WORK ORDER - Below are records; the lines starting at the one with "हरियाणा में बड़ा" and ending at the one with "此次比赛共有本科生12支、研" must be reproduced exactly, both included. Pictures must not appear.

SOURCE INFORMATION -
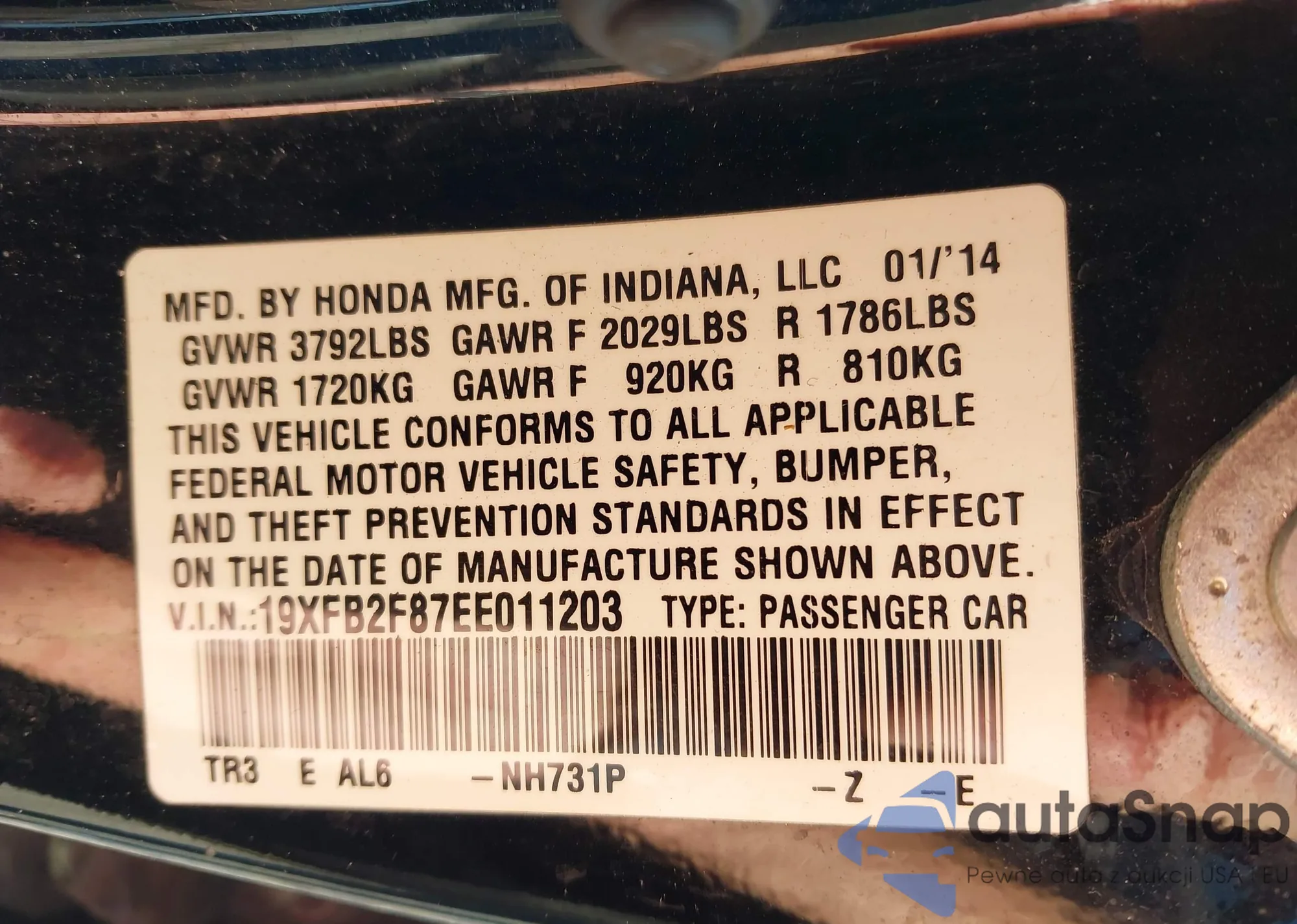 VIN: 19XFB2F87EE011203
* * *
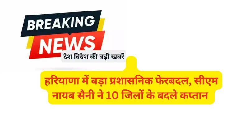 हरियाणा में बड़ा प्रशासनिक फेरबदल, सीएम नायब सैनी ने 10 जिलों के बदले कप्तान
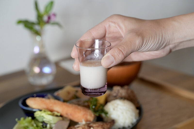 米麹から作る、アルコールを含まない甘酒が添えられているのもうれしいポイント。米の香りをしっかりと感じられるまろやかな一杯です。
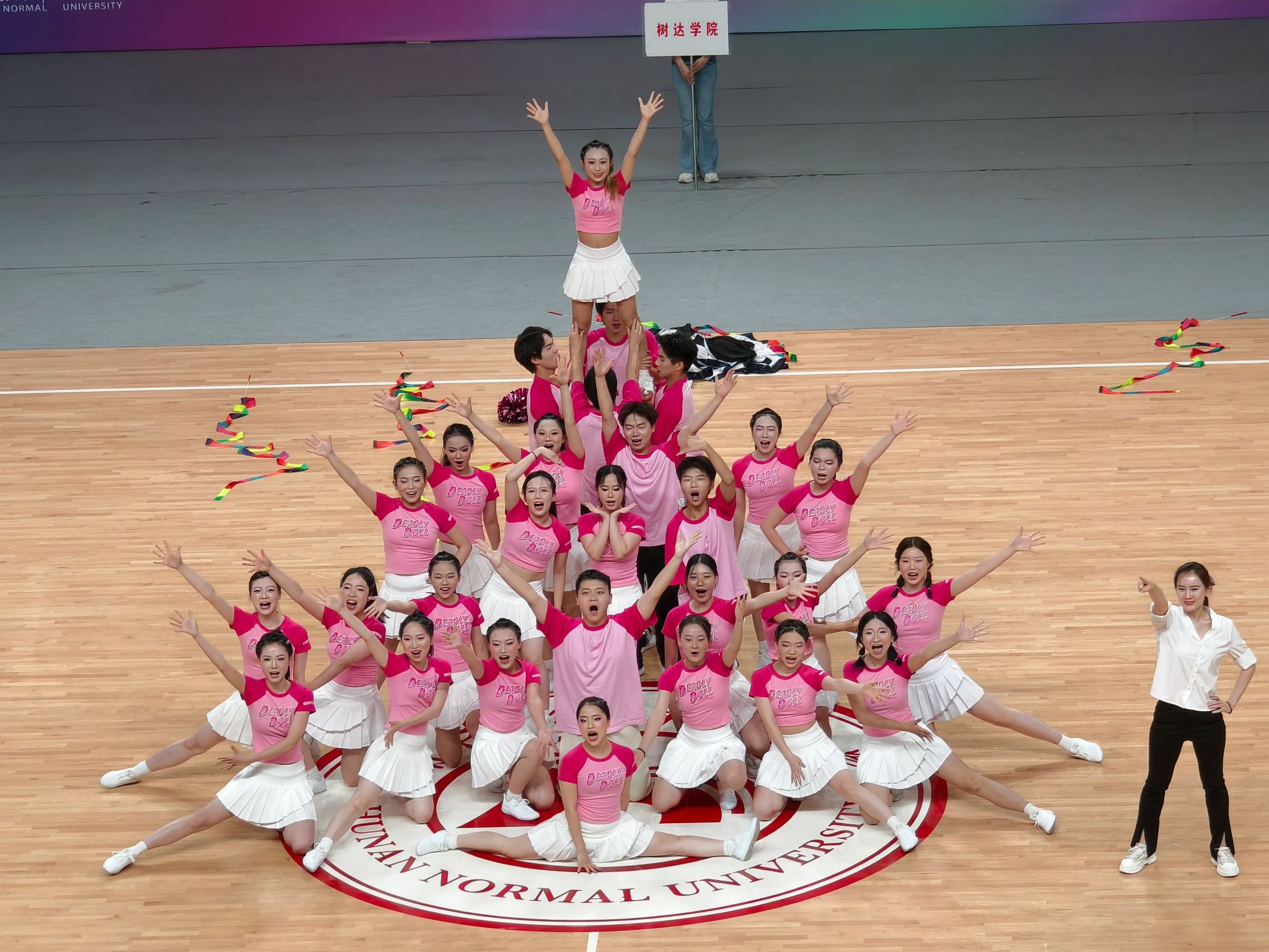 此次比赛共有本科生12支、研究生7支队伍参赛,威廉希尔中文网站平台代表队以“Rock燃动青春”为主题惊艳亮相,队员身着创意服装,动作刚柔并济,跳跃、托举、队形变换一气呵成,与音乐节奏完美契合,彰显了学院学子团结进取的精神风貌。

RESPONSE TO THE TASK -
 हरियाणा में बड़ा प्रशासनिक फेरबदल, सीएम नायब सैनी ने 10 जिलों के बदले कप्तान
 米麹から作る、アルコールを含まない甘酒が添えられているのもうれしいポイント。米の香りをしっかりと感じられるまろやかな一杯です。
 此次比赛共有本科生12支、研究生7支队伍参赛,威廉希尔中文网站平台代表队以“Rock燃动青春”为主题惊艳亮相,队员身着创意服装,动作刚柔并济,跳跃、托举、队形变换一气呵成,与音乐节奏完美契合,彰显了学院学子团结进取的精神风貌。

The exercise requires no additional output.